La giustizia non si può sostituire all’etica politica.
Nel nostro Paese la fine della prima repubblica ha spazzato via i partiti storici e, con loro, le ispirazioni ideali che hanno continuato a caratterizzare le forze di destra, centro e sinistra, nel resto d’Europa. Ad essi sono subentrate delle organizzazioni politiche prive di fondamenti storici (Forza Italia, Lega, Italia dei Valori,ecc…) impegnati alla loro ricerca (Partito Democratico) o in fase di ricostruzione ( ex-comunisti, verdi, socialisti, ecc).
In questi anni la politica priva di ogni spinta ideale si è rifugiata in un pragmatismo di mestiere. L’etica del mercato e del mercanteggiare si è trasferita anche alla politica diventata un mestiere. Un mestiere che si autoalimenta con la gestione del potere che da mezzo si è trasformato in fine.
In questo contesto l’etica è rimasta fuori non per errore umano, come poteva succedere in passato (incidenti di percorso ce ne sono sempre stati) ma per definizione.
Rimane l’etica come bagaglio dei comportamenti individuali, ma questo è tutto un altro discorso.
Se la giustizia intende perseguire il singolo cittadino nell’illecito fa solo il proprio mestiere, ma questo riguarda tutti i cittadini nessuno escluso.
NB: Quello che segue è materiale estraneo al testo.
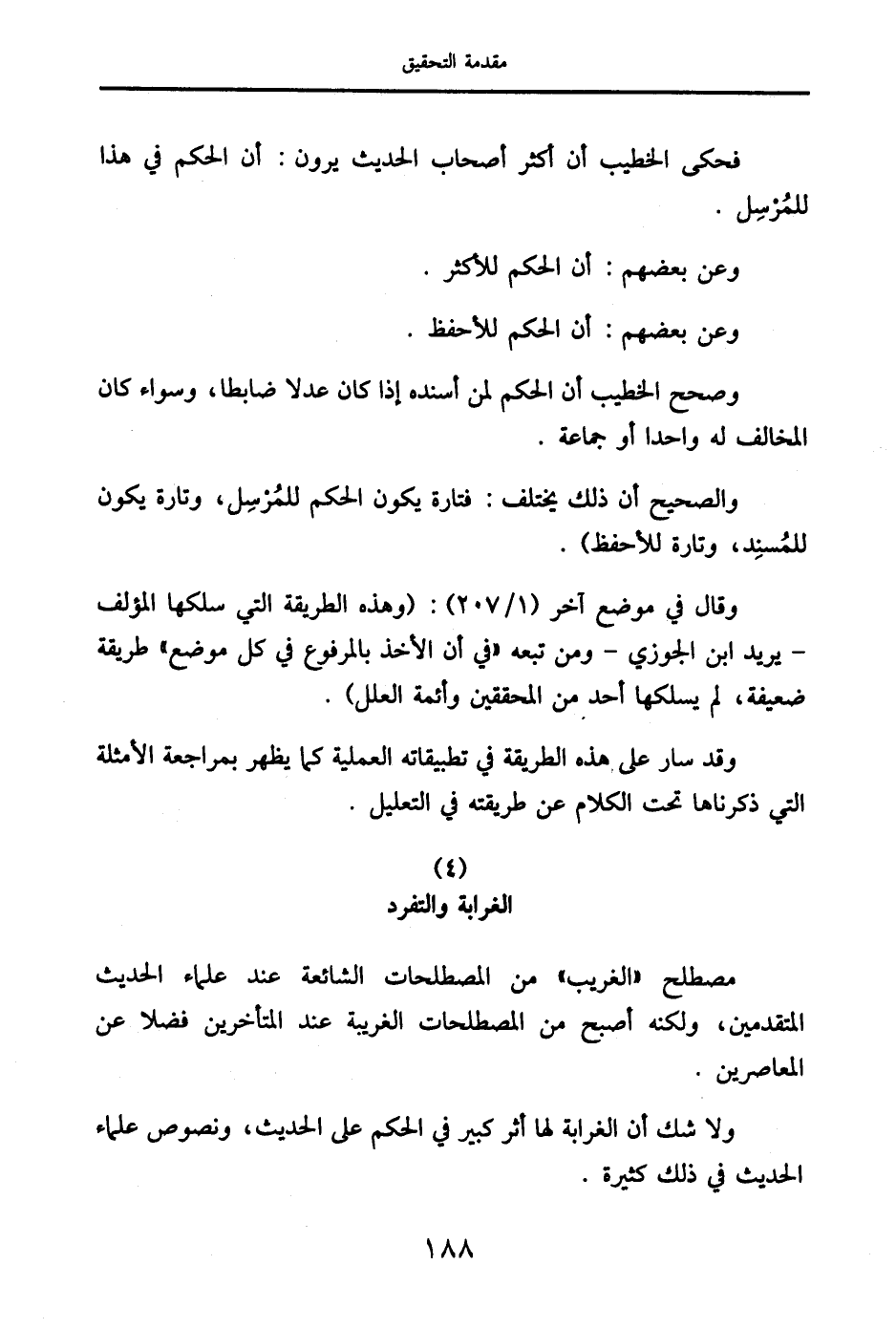 وقال في موضع آخر (1/ 207): (وهذه الطريقة التي سلكها المؤلف - يريد ابن الجوزي - ومن تبعه " في أن الأخذ بالمرفوع في كل موضع " طريقة ضعيفة، لم يسلكها أحد من المحققين وأئمة العلل).
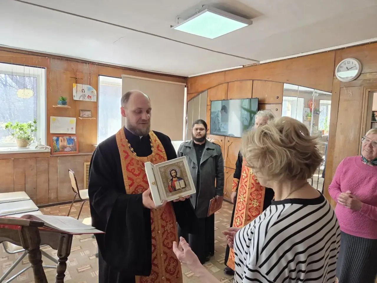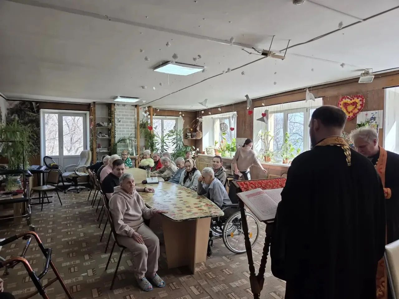 В стенах пансионата был совершён пасхальный молебен. Радостное пение тропаря «Христос Воскресе!» наполнило зал особой атмосферой. Священнослужители обратились к собравшимся со словом проповеди, в которой рассказали о духовном смысле Воскресения Господня, победе жизни над смертью и значении праздника Пасхи для каждого христианина.
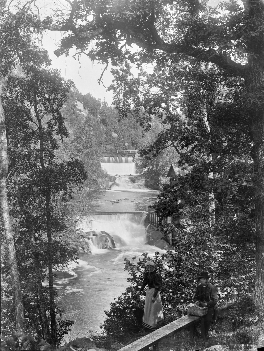 Vid fallen i Huskvarna.En kvinna med parasoll i handen står vid kanten och en yngling sitter på bänken med en korg framför sig.
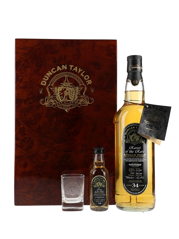 A bottle of Ayrshire 34 Year Old single malt Scotch whisky. This was distilled at Ladyburn Distillery in October 1973, matured for 34 years and bottled by Duncan Taylor in January 2008.
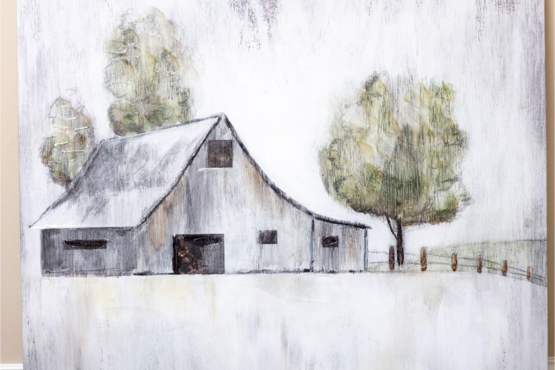 36x36" Weathered Barn canvas wall art by Casa Fine Arts. Item is displayed openly on stretched canvas with no external frame.
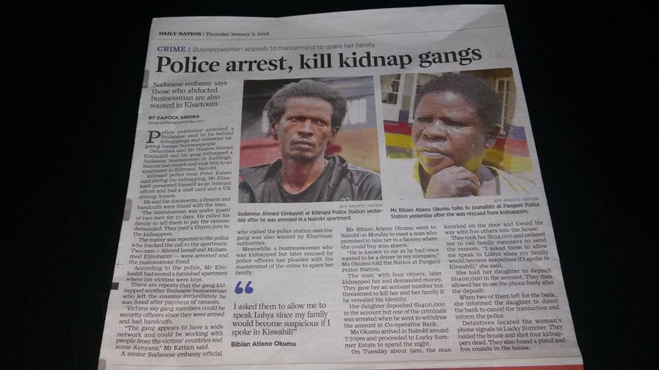 وادخلوه في حراسة في شقة استأجروها لتنفيذ اغراضهم الدنيئة واستمر الحبس لمدة ١٧ يوما او تزيد وتمكن الضحية من الافلات من قبضتهم وابلغ السفارة السودانية التي بدورها أبلغت الأجهزة الأمنية وبالتعاون مع العقيد الدومة في رئاسة الشرطة الجنائية الدولية لدول شرق ووسط افريقيا حيث مقرها بنيروبي تم القبض على هؤلاء المنفلتين وانتشر الخبر على جميع وسائل الاعلام المسموعة والمرئية الكينية ومن هؤلاء المتهمين الثلاثة ،محمد المعتصم وهيثم احمد المكاشفي وهم اشقاء واحمد اسماعيل الدومة ادم.
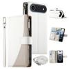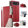 Für iPhone 17 Air Hülle Reißverschluss-Geldbörse Farbspaltung Leder Klapp-Handyhülle mit Riemen
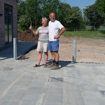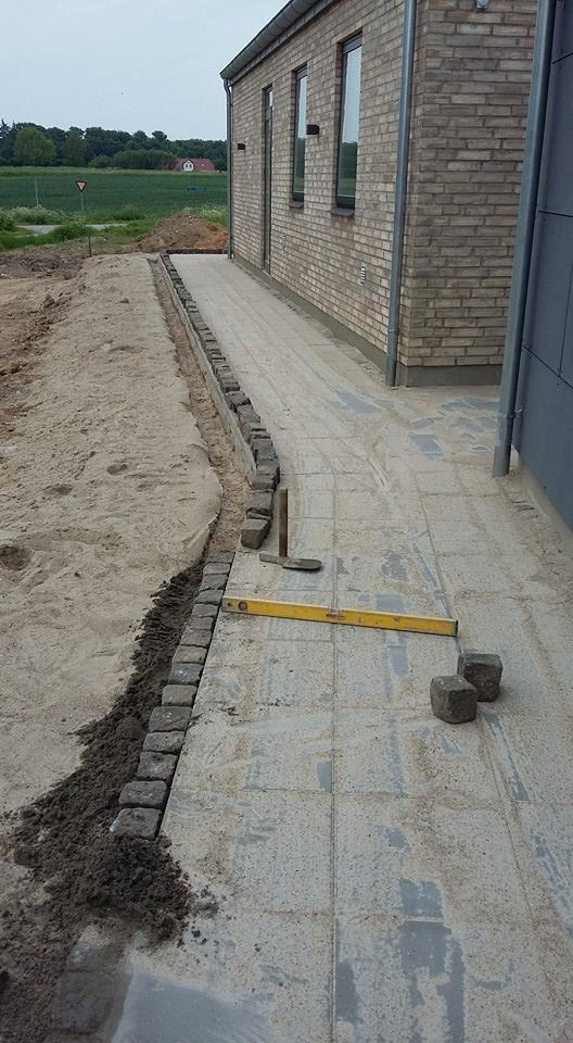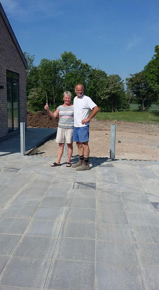 Tak for at vi fik lov til at lave jeres nye indkørsel, den blev da fin med de 30x30 fliser og den fine finish vi lavede ude i kanten med muldjord. (se billede)
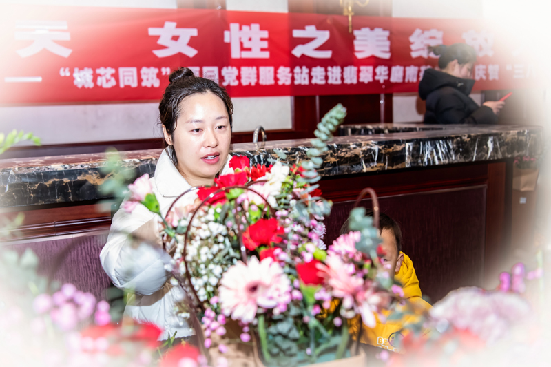 活動現場氣氛熱烈而融洽,居民們邊向老師學習邊交流,互相分享自己的插花心得。一朵朵美麗的花朵在大家的手中綻放,仿佛也在訴說著女性的堅韌與美麗。
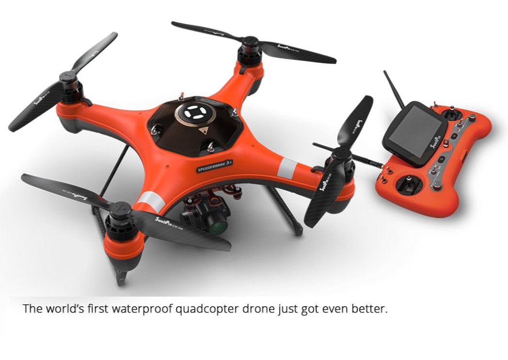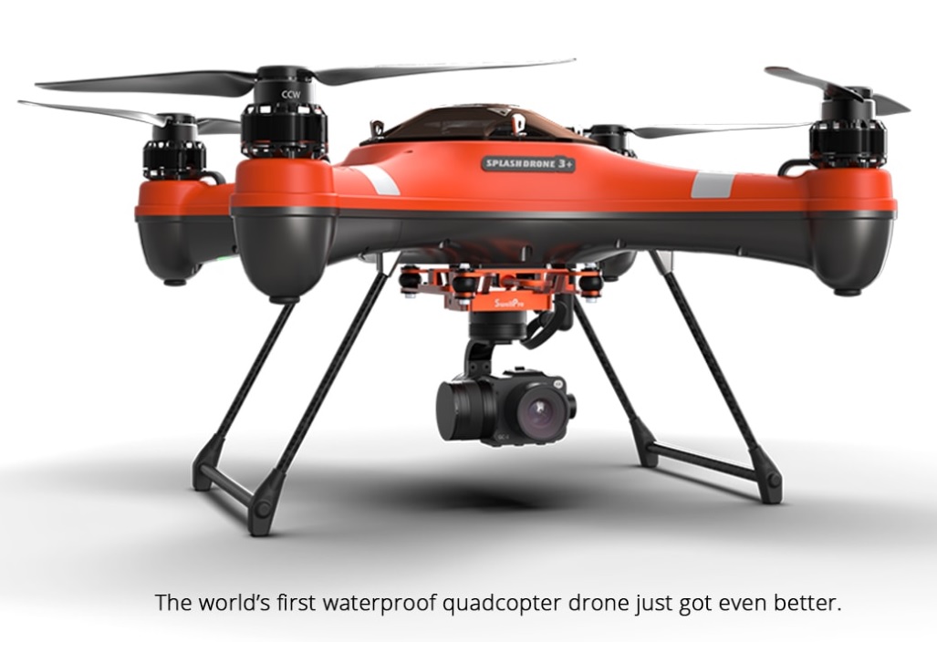 Swellpro Splashdrone 3+ Waterproof Drone for search and rescue, for filming, for fishing, for boating.

Questo però significa anche garantire la giustizia a tutti i cittadini senza arrogarsi il diritto di aprire inchieste e portare in giudizio la morale politica mentre altri cittadini in attesa di giustizia soffocano tra montagne di ingiustizie.
In altre parole, i giudici non possono rischiare di trasformarsi od apparire, spesso supportati anche dai media, in giustizieri della morale politica.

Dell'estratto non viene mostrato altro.